The strength of symbols, especially symbols that emerge from the unconscious to manifest as Archetypes, is that they endure. To put it in another way, as primordial remnants bubble up from the human unconscious, they are expressed by the conscious mind as universally applicable archetypal symbols. They do so by cleaving to specific actions, events and objects in myths and stories.
“Symbols, when rendered adroitly, promote the longevity of any story.”
To generate symbols in your own tales, start with story and character: 1. Ask, what is the genre of your story? 2. What is the key idea, theme, and moral premise of your story? 3. What goals and struggles are your characters engaged in?
The answers to these questions will direct you to the sorts of symbols you need to use. A note of caution here. Your symbols shouldn’t attract attention to themselves—they shouldn’t be too obvious. They need to grow on us as vessels of meaning. They also need to be specific and to generate emotion. The key here is to work out how they relate to the characters and to each other: Are these symbols actual objects that would feature effortlessly in the characters’ everyday lives? Again, subtlety is key.
Here’s how Todd Phillip uses character symbols in his film, The Joker:
The film opens with Arthur Fleck applying his clown make-up. We don’t immediately ascribe symbolic significance to this. Arthur is merely preparing to do his job as a clown. But as the story progresses the clown imagery deepens in meaning, driven by story questions: Why is it that after Arthur loses his job, he continues to wear his clown make-up? Is it that it offers him an escape from his dreary reality? Does it have deeper psychological connotations—indicate his rejecting his identity due to some past trauma that makes him wish that he was someone else?
“Well crafted symbols are universal and eternal.”
The figure of the clown now comes to symbolise the breakdown of social structures in Gotham—the conflict between the rulers and the ruled. The mob dons clown dress and rises up against the authorities, with the Joker, as inspiration. A clown suit and mask are no longer symbols of fun and laughter—the Joker has become the symbol of something dark and dangerous—the symbol of chaos.
Symbolism can also emerge from setting, providing context, atmosphere and bolstering the theme. In The Lord of the Rings: The Return of the King, Mordor, as opposed to the idyllic life of the Shire, is shown to be a place of hellfire and horror—the entire landscape is symbolic of the evil represented by Sauron.
And of course, the rings themselves are highly symbolic, with the last ring being especially significant. Having been forged by Sauron on Mount Doom it represents pure evil. But the ring also symbolises desire and greed. We see this clearly in Bilbo and Gollum’s desire to posses it.

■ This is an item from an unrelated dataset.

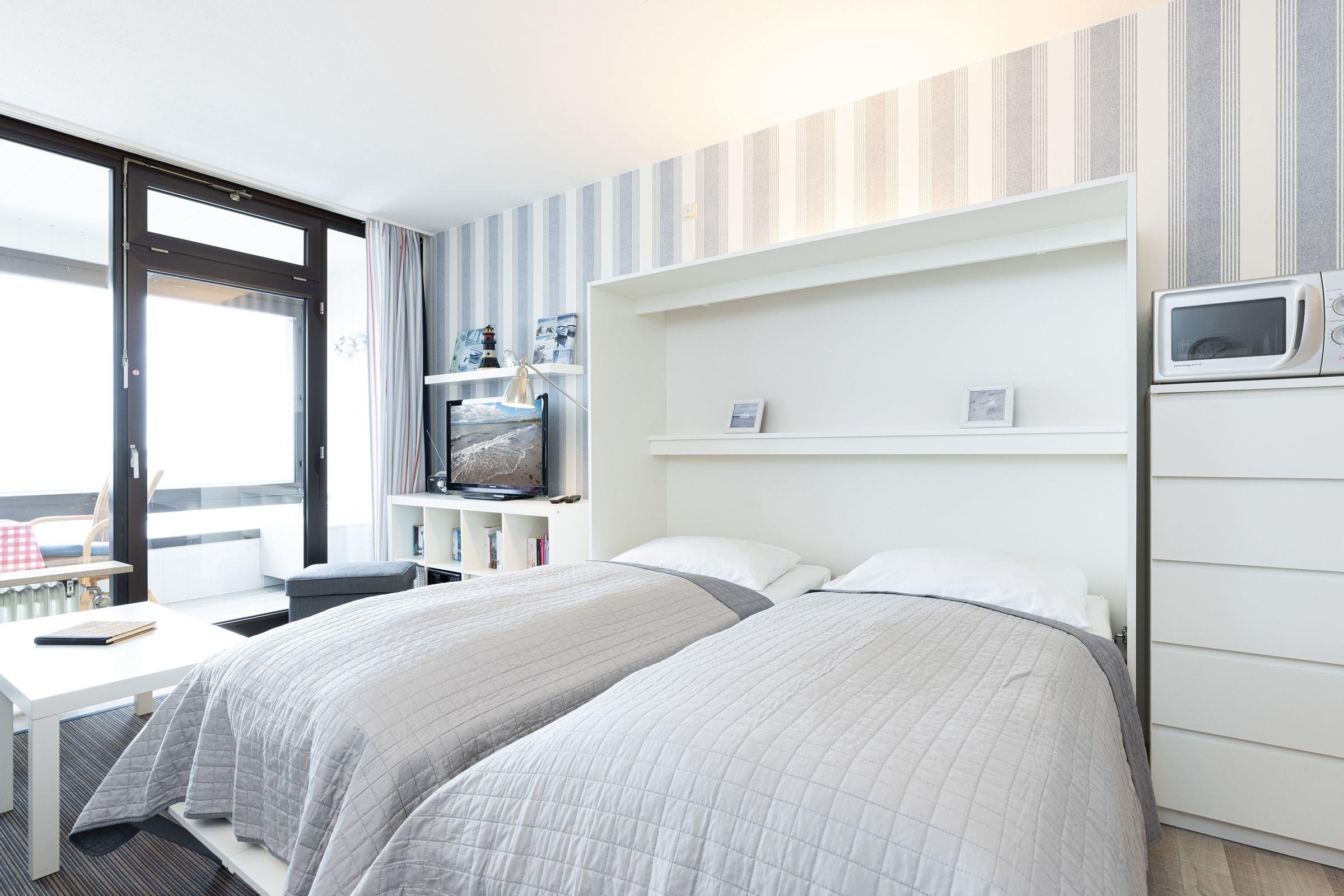 Wohnzimmer: 1 Schrankbett (2x 90x200 cm), Kleiderschrank, TV, Verdunkelung: Gardine, Platz für Babybett vorhanden
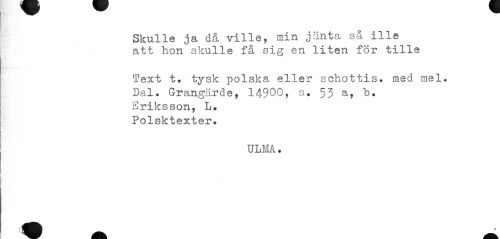 //// Skulle ja då ville, min jänta så i lie att hon skulle få sig en liten för tille //// Text t. tysk polska eller schottis. med mel. //// Dal. Grangärde, 14900? s* 53 st, b. //// Eriksson, L# //// Polsktexter. //// ULM. //// B ////

The ring also symbolises temptation. Even honourable characters such as Gandalf and Boromir are tempted by its beguiling power. This temptation gains in resonance by reminding us of the original temptation in the garden of Eden, where Adam and Eve disobeyed God and ate from the apple of good and evil.
When deploying symbols remember to show rather than tell, to point them towards your key ideas and themes, to select symbols that give rise to emotion, and to avoid being heavy-handed in their use.
Use symbols to add resonance, meaning and depth to your stories.